AMMAN, Jordan — A team of Jordanian and French archaeologists said Tuesday that it had found a roughly 9,000-year-old shrine at a remote Neolithic site in Jordan’s eastern desert.

The ritual complex was found in a Neolithic campsite near large structures known as “desert kites,” or mass traps that are believed to have been used to corral wild gazelles for slaughter.

Such traps consist of two or more long stone walls converging toward an enclosure and are found scattered across the deserts of the Middle East.

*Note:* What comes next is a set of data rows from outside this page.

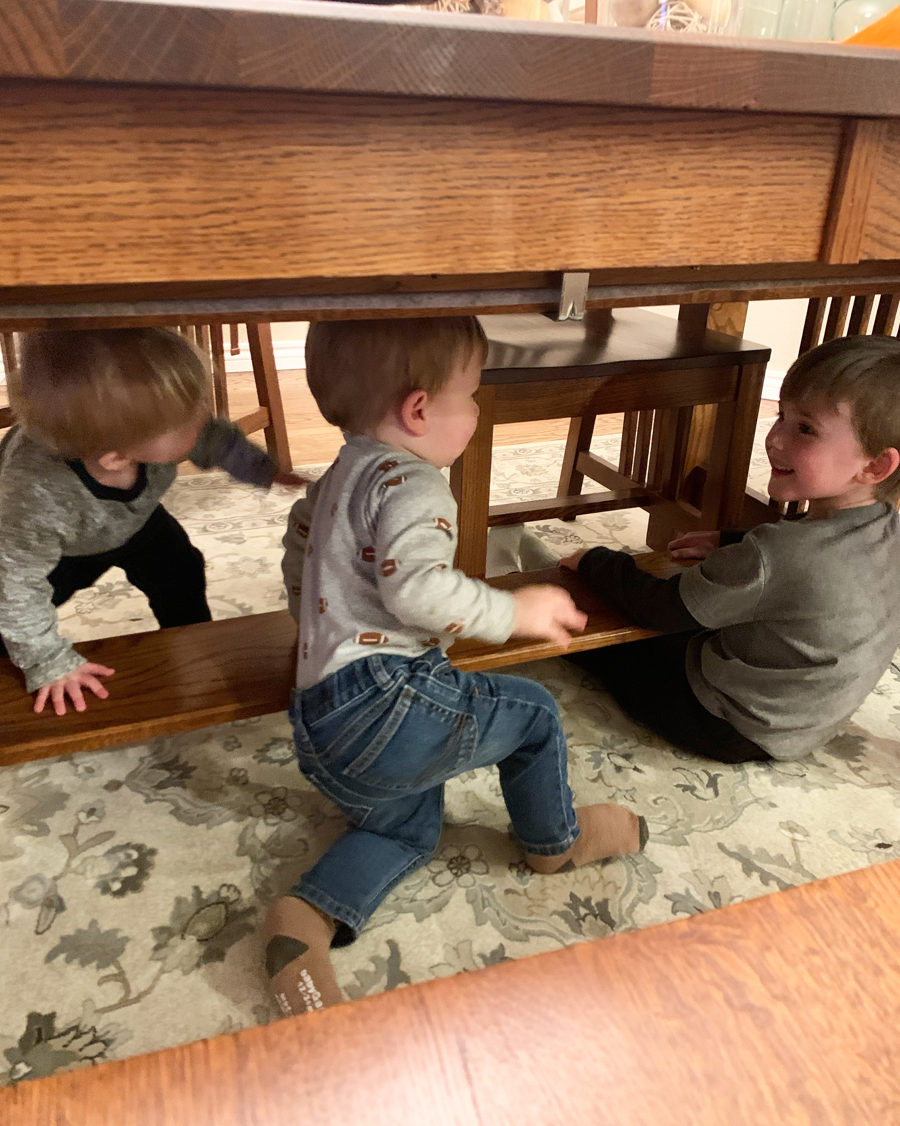 Just some Super Bowl shenanigans! I think Dempsey enjoyed playing with all of Henry’s toys π Darron and Karla had such a good spread, per usual! Loved those spicy wings and actually, so did Dempsey (just the inside non-spicy parts though π)! Mason and I played a few rounds of Crazy Eights and he wanted me to take that picture of him posing like the frog statue. Why’s he so funny?! Particularly enjoyed Dempsey wandering around with that foam sword and using it like a vacuum?? Wonder where he’s seen that? π€£ And when all the boys climbed underneath the table and were in their own “baby restaurant.” Too much fun! So nice to be back at this party after missing it in 2020 and 2021! Demps fell asleep in the car but he was such a trooper staying up past his normal bedtime. I love him very much.
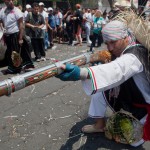 Estimulados por la marcha de 10 kilómetros que emprendieron durante la mañana bajo un sol a plomo, y un poco ebrios debido a los diferentes brebajes tomados para calmar su sed (cerveza, mezcal, tequila y pulque), los “ejércitos” se enfrentaron una primera vez en las orillas del kiosco que se encuentra por debajo del cerro, ante el azoro de centenares de espectadores.
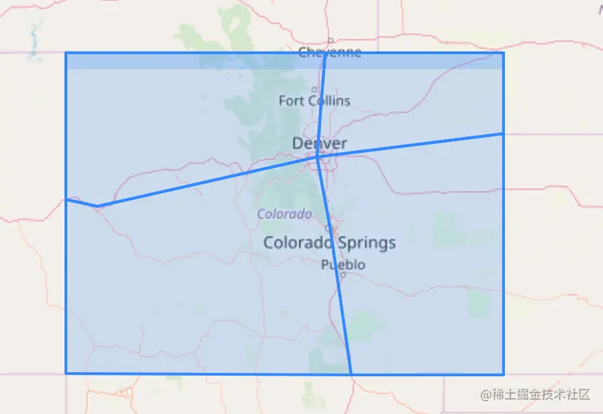 整个科罗拉多州是一个大面孔,是一个完美的矩形多边形几何体。
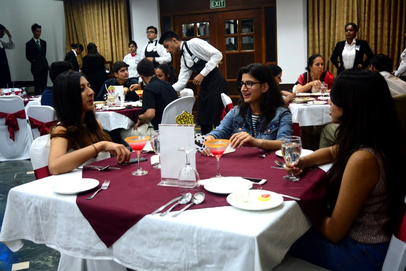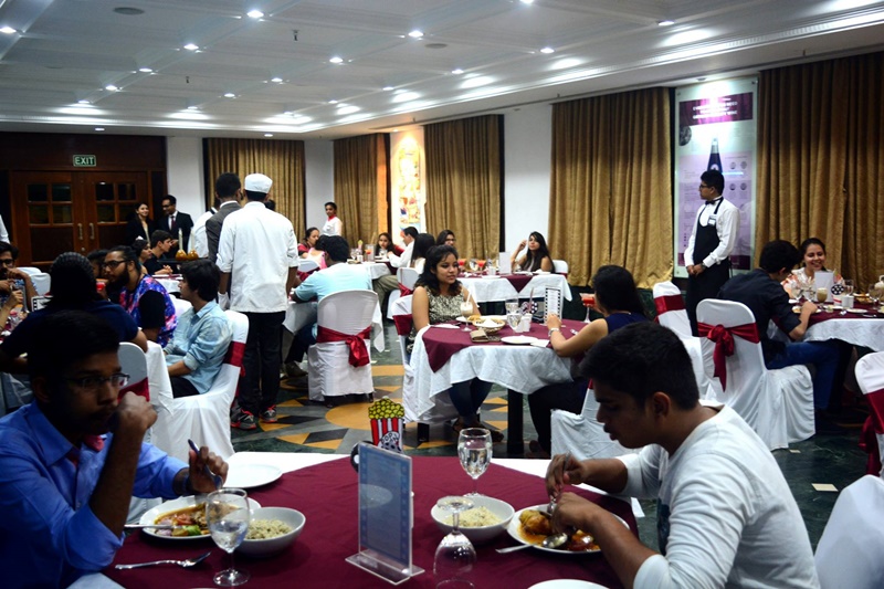The Californian Retreat Food Festival conducted by Shivaji house OVERALL HEAD: Mr. AYUSH MELWANI & Ms. SEEMA MIRZA OVERALL UNDERSTUDY: Mr. VEDANT ARYAN Introduction about the theme of food festival: Menu inspired by popular food culture in the state of California, USA Canape Tacos from the Mexico, Fish n Chips from San Francisco and German influence on Roast Chicken with a Bavarian Touch. Popular food in CA. Keeping in mind the theme for the fest, the decor was minimalistic, infused with the colors of black, white and red, with the students involved also dressed in formals in an effort to give customers a complete fine dining experience. Diners could get glimpses of Hollywood from the paintings as well as the live music performed by the music club. The fest’s menu was carefully chosen, prepared and served so as to put forth popular food items from California. The five-course meal for the evening began with a choice of beverage where diners could choose between Hollywood Sunset , a strawberry consommé topped with fresh pineapple juice and ginger ale, or Silver Lining, a vanilla tea milkshake with a hint of cinnamon and topped off with whipped cream, both of which are prepared at the ‘Grizzly’s Bar’ counter. Drinks were followed by a small bite called Sheen’s Love Bite, an amuse-bouche taco with a relish, which in turn paved way for a deconstructed smoked tomato soup which was uniquely presented to guests in a delicate round flask. For the same value, guests could make a choice between vegetarian and non-vegetarian appetizers and main course based on their preference. Taking inspiration from Hollywood, the veg appetizer was named Napa’s Veggie Sliders, which is an Italian bun served alongside chips and fresh salad, while the spinach pappardelle cooked in a burnt garlic and mushroom sauce along with its accompaniments served as main course was aptly called Al Pacino’s Feast. The non-vegetarian section offered batter fried fish and onion rings, whereas the Django’s Bavarian Meal for the main course comprised of roasted chicken rubbed in three spices served with mustard gravy and herbed rice. For desert, there was Seth Rogen’s Climax – a compilation of peanut butter chocolate brownie, toasted marshmallows and caramelized popcorns topped with a sinful fudge sauce.
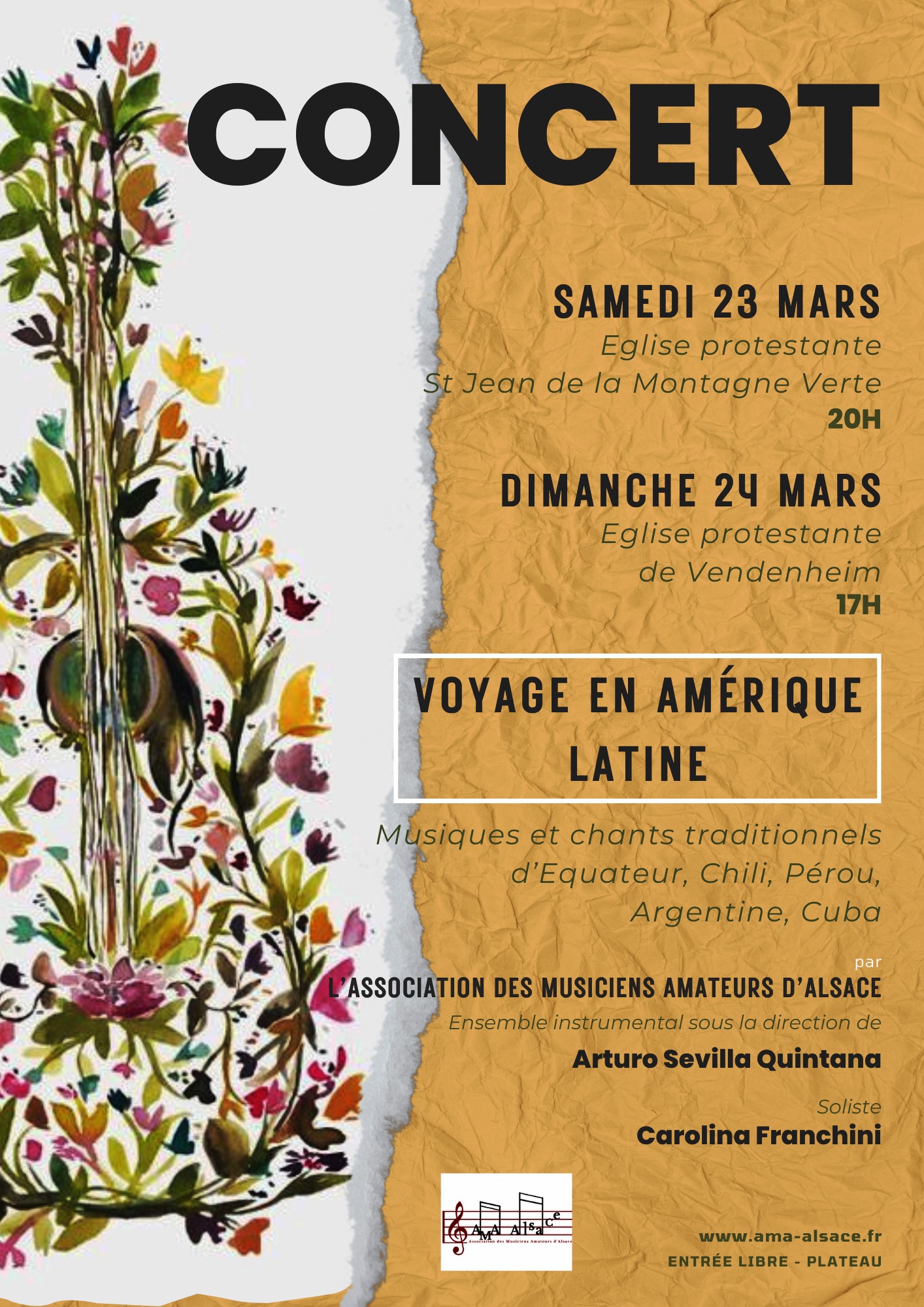Invitation à un voyage en Amérique Latine par les musiciens de l'AMA-Alsace en diverses formations.

“The site is unique, first because of its preservation state,” said Jordanian archaeologist Wael Abu-Azziza, co-director of the project. “It’s 9,000 years old and everything was almost intact.”

Within the shrine were two carved standing stones bearing anthropomorphic figures, one accompanied by a representation of the “desert kite,” as well as an altar, hearth, marine shells and miniature model of the gazelle trap.

The researchers said in a statement that the shrine “sheds an entire new light on the symbolism, artistic expression as well as spiritual culture of these hitherto unknown Neolithic populations.”

The proximity of the site to the traps suggests the inhabitants were specialized hunters and that the traps were “the center of their cultural, economic and even symbolic life in this marginal zone,” the statement said.